Similarly, for the query "**are there any weather alerts for Boston at the moment?**":

* **Step 1 (InferenceStep):** The agent understands the request is for weather *alerts*. It recognizes the `get_alerts` tool (also exposed via MCP) as the appropriate tool. It then determines the two-letter state code for "Boston" (which is 'MA' for Massachusetts) and constructs the tool call (`{'state': 'MA'}`).
* **Step 2 (ToolExecutionStep):** The `get_alerts` tool is executed, again via the `mcp-weather` server. The **Observation** in this case indicates `{'type': 'text', 'text': 'No active alerts for this state.'}`.
* **Step 3 (InferenceStep):** Based on the tool's output, the agent formulates a direct and clear **Model Response**, stating that there are no current weather alerts for Massachusetts.

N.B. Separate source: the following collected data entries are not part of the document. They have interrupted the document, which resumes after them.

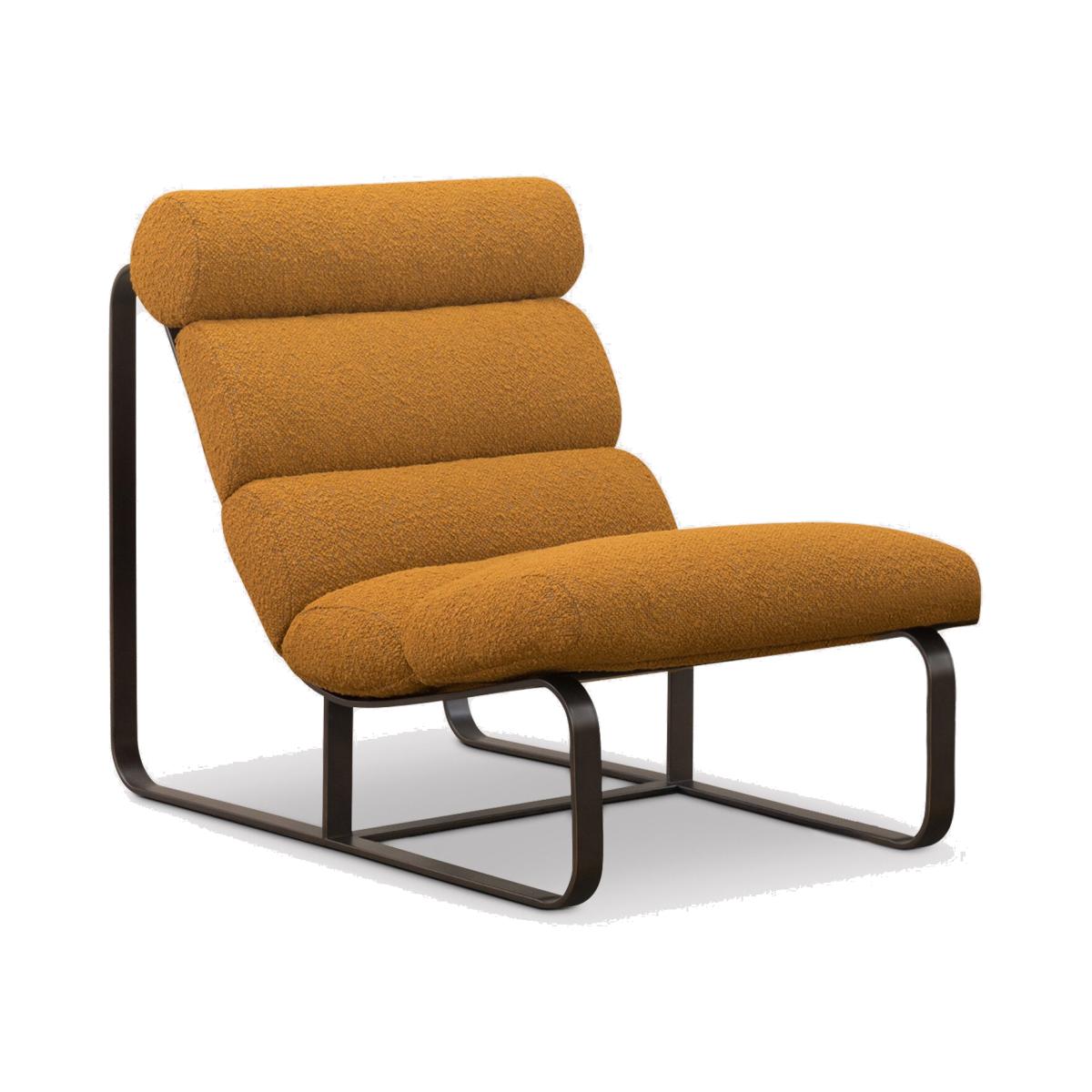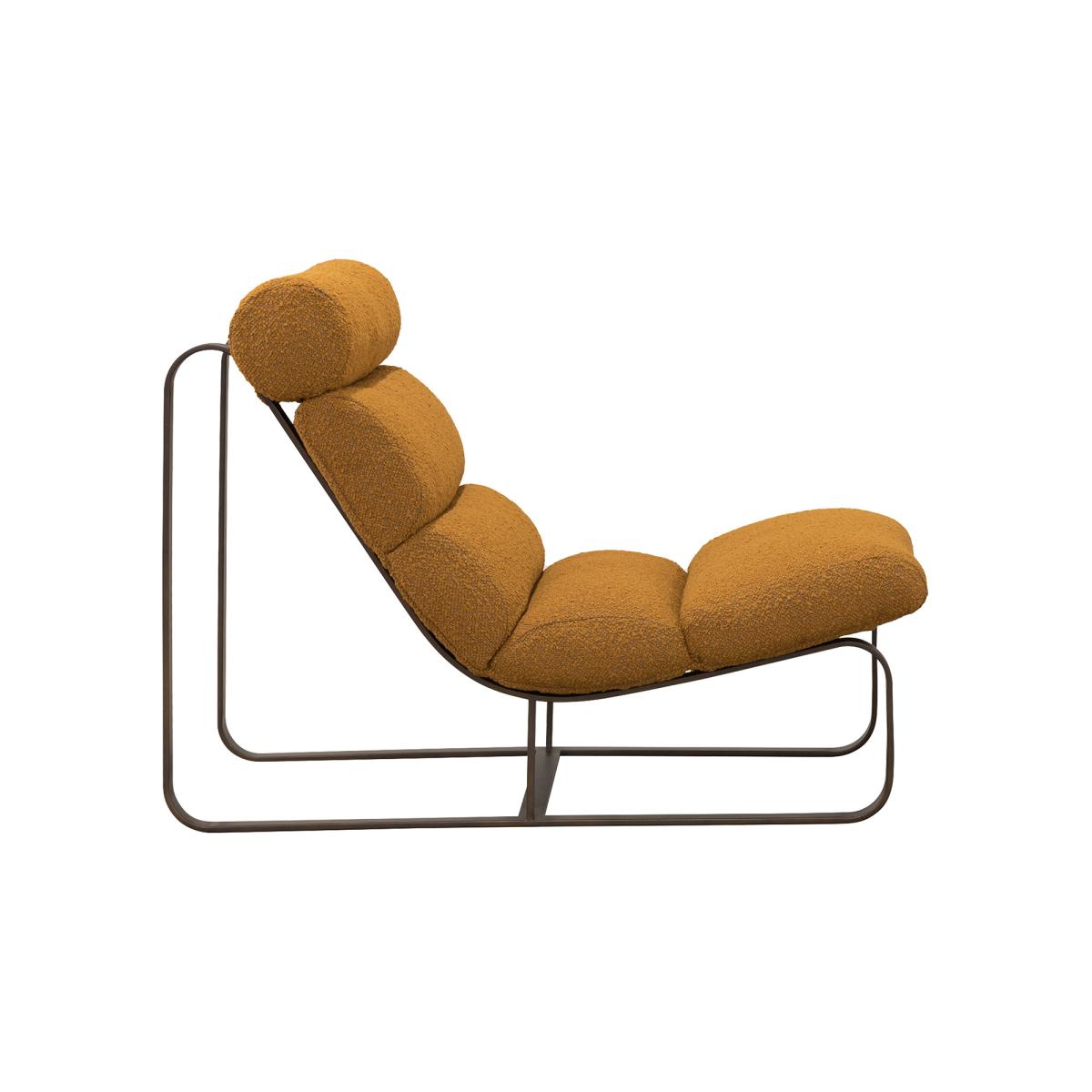 The Lucien Mustard Yellow Boucle Fabric Accent Chair offers a stylish blend of comfort and elegance. Its boucle fabric adds a soft, textured feel, while the webbed suspension ensures lasting support. The feather and foam-filled cushioning provides ultimate relaxation. Metal legs with a sleek black powder coating add modern flair, complementing the vibrant mustard yellow. Pair it with the Lucien Footstool for a cohesive, luxurious seating experience perfect for any room.
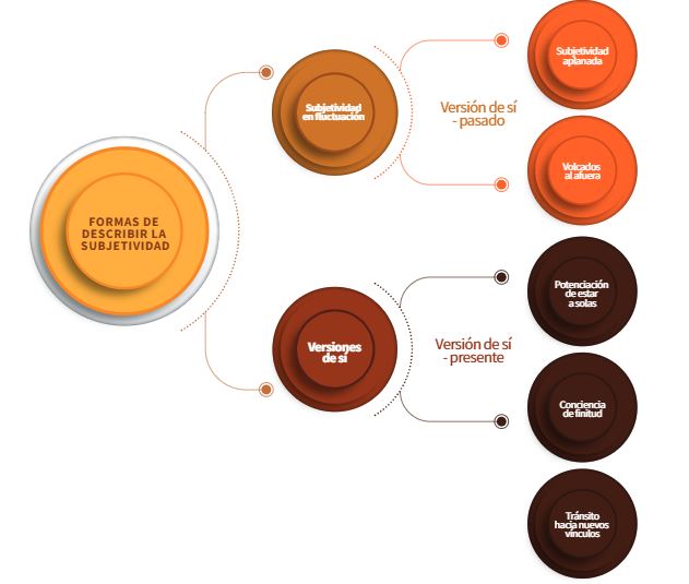 La información por el virus COVID-19 ya no representa lo mismo en materia de noticia, o por lo menos, no de la misma manera como sí tuvo relevancia para el año 2020. Sin embargo, lo que sigue siendo hoy fundamental y novedoso son los impactos generados a raíz de la situación de confinamiento y las reacciones ante una situación de encierro que tomó por sorpresa a la humanidad. En esta contingencia, los estudiantes que participaron de este estudio no fueron ajenos. A partir de la tematización de sus relatos se logra evidenciar que la pandemia les enfrentó a dos situaciones referidas a su subjetividad: por una parte, a una enorme variabilidad de la vivencia emocional (subjetividad en fluctuación);y, por otra parte, a una fuerte transformación en la manera de verse a sí mismos (las versiones de sí) (Ver Figura 1). En este artículo se comparte la tematización orientada a la potencia de estar a solas y la conciencia de finitud como expresiones de una versión de sí-presente.
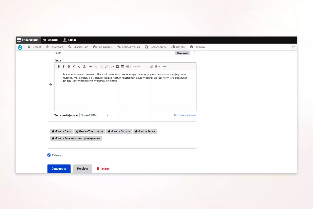 Контентную часть страницы сделали в виде параграфов для того, чтобы была возможность кастомизировать её вид. Блоки можно менять местами, выбирать только то, что нужно в конкретной услуге (галерея с фото, стилизованный нумерованный список, текст с фото, видео и т.д.). При необходимости, в любой момент можно добавить ещё параграф или убрать лишний. Получается мини-конструктор, который очень прост и удобен для заполнения даже человеком, который ранее не работал с CMS.
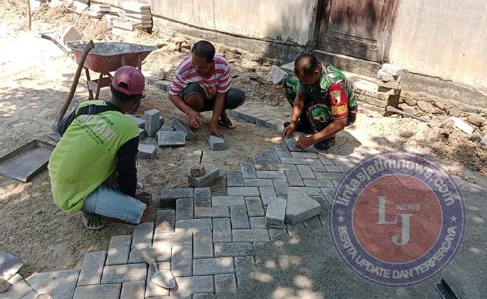 Babinsa Kodim Ponorogo Ikut Gotong Royong Pasang Paving Block Jalan
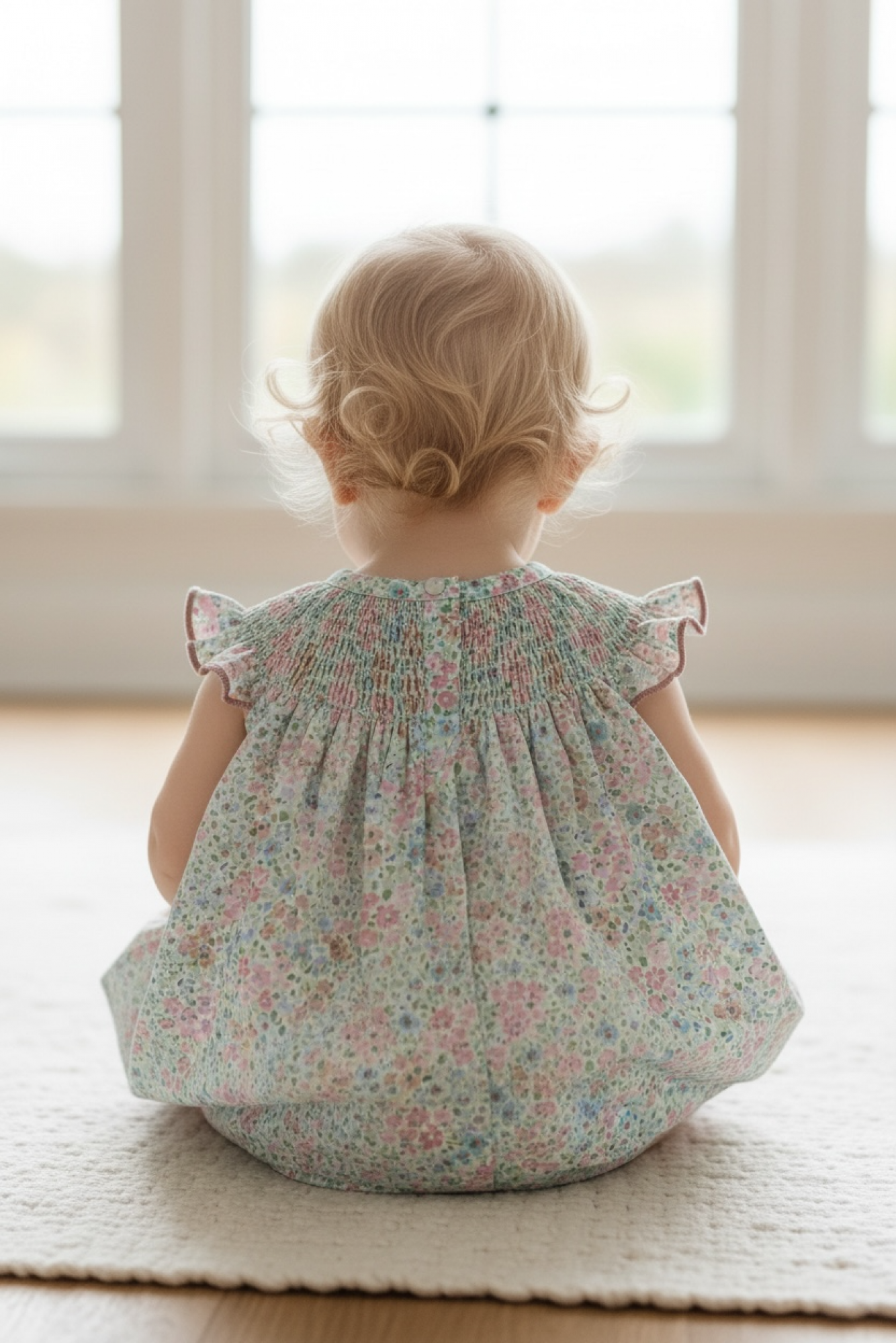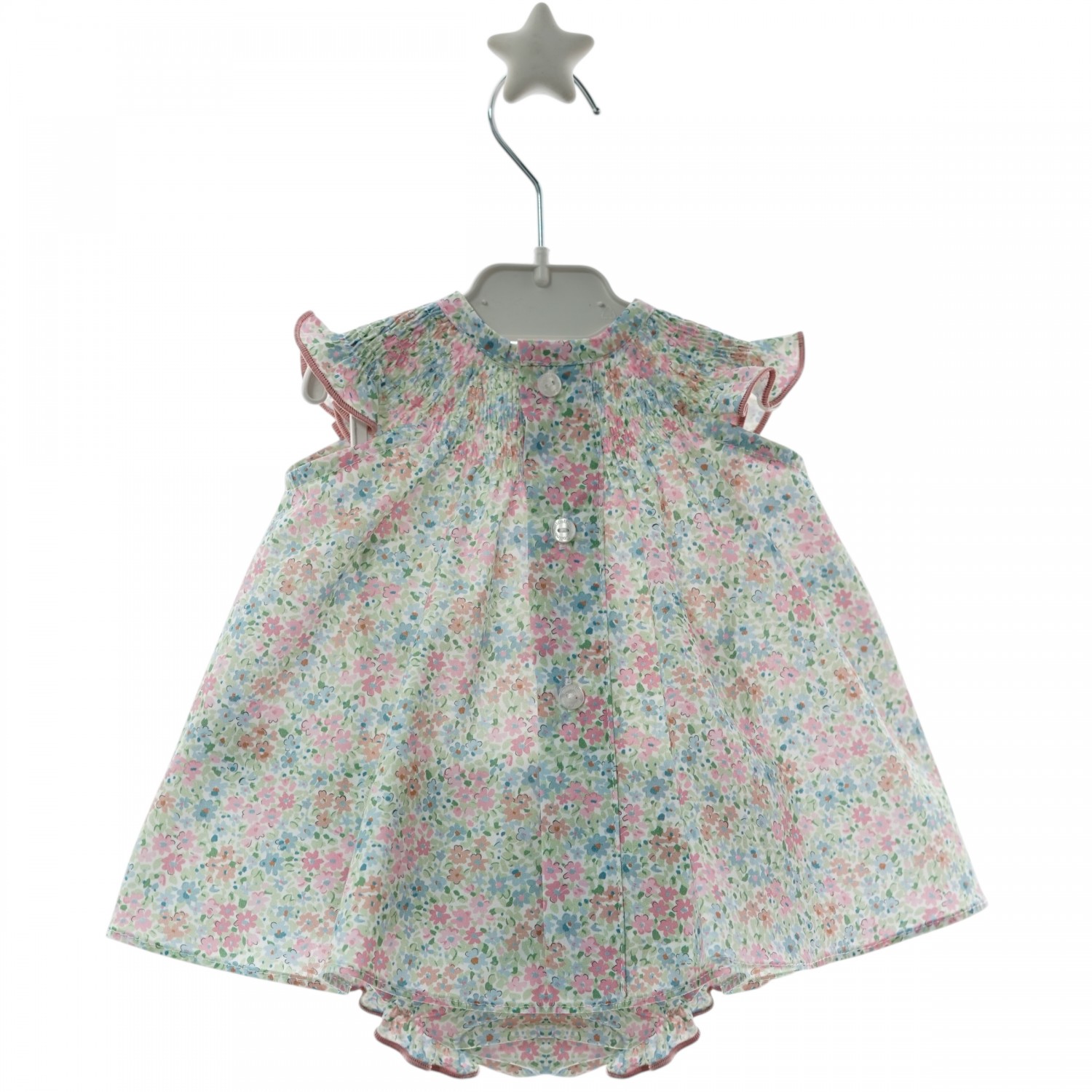 Adorable for everyday wear or special occasions, cool and very comfortable. Features a smocked yoke, round neck, and ruffled sleeves.
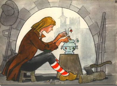 Так и определили принца свинопасом его величества и убогую каморку рядом со свинарником отвели, и там он должен был жить. Ну вот, просидел он целый день за работой и к вечеру сделал чудесный маленький горшочек. Весь увешан бубенцами горшочек, и когда в нем что-нибудь варится, бубенцы вызванивают старинную песенку:
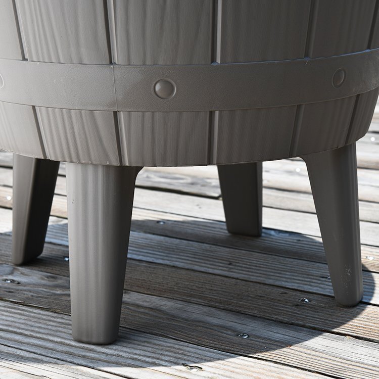 - Модный дизайн под дерево сочетается с любым декором садовой мебели.
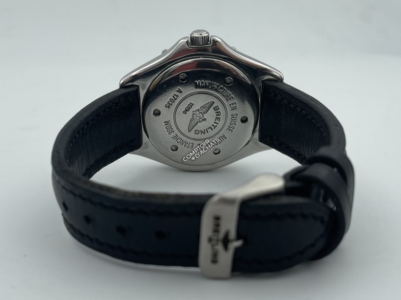 Montre Hommes Breitling Colt reference A17035 Automatique Bleu · boîtier en acier, 38 mm · sportif cadran bleu foncé · design marquant · une valeur de reconnaissance élevée · bracelet cuir noir.

This flow clearly illustrates how the Llama Stack agent dynamically selected the correct MCP tool based on the user's intent, executed it, and then synthesized the results from the external service into a natural language response. This dynamic interaction with external services is a core capability enabled by the Model Context Protocol.

## Lab Summary: Working with MCP Servers

In this lab, you gained hands-on experience with the **Model Context Protocol (MCP)** and its integration within the Llama Stack framework. You learned how MCP serves as a vital bridge, allowing your Llama Stack agents to leverage external, specialized services as integral tools in their problem-solving workflows.

Through the exercises, you learned to:

* **Deploy an MCP Server:** You successfully ran a `mcp-weather` container, acting as an external service providing weather-related functionalities.
* **Connect MCP to Llama Stack:** You saw how Llama Stack's architecture facilitates the registration of MCP endpoints, making their exposed functions discoverable by agents.
* **Integrate External Tools:** You registered specific weather tools (`get_alerts` and `get_forecast`) from your MCP server with Llama Stack.
* **Empower Agents with External Data:** You observed a Llama Stack agent dynamically using these newly available MCP tools to retrieve real-time weather forecasts and alerts, directly responding to user queries.

This experience highlights how Llama Stack simplifies the process of extending agent capabilities by integrating domain-specific tools via MCP. It showcases the power of a unified API that abstracts away the complexities of diverse external services, enabling developers to build sophisticated, context-aware AI applications with remarkable ease and flexibility.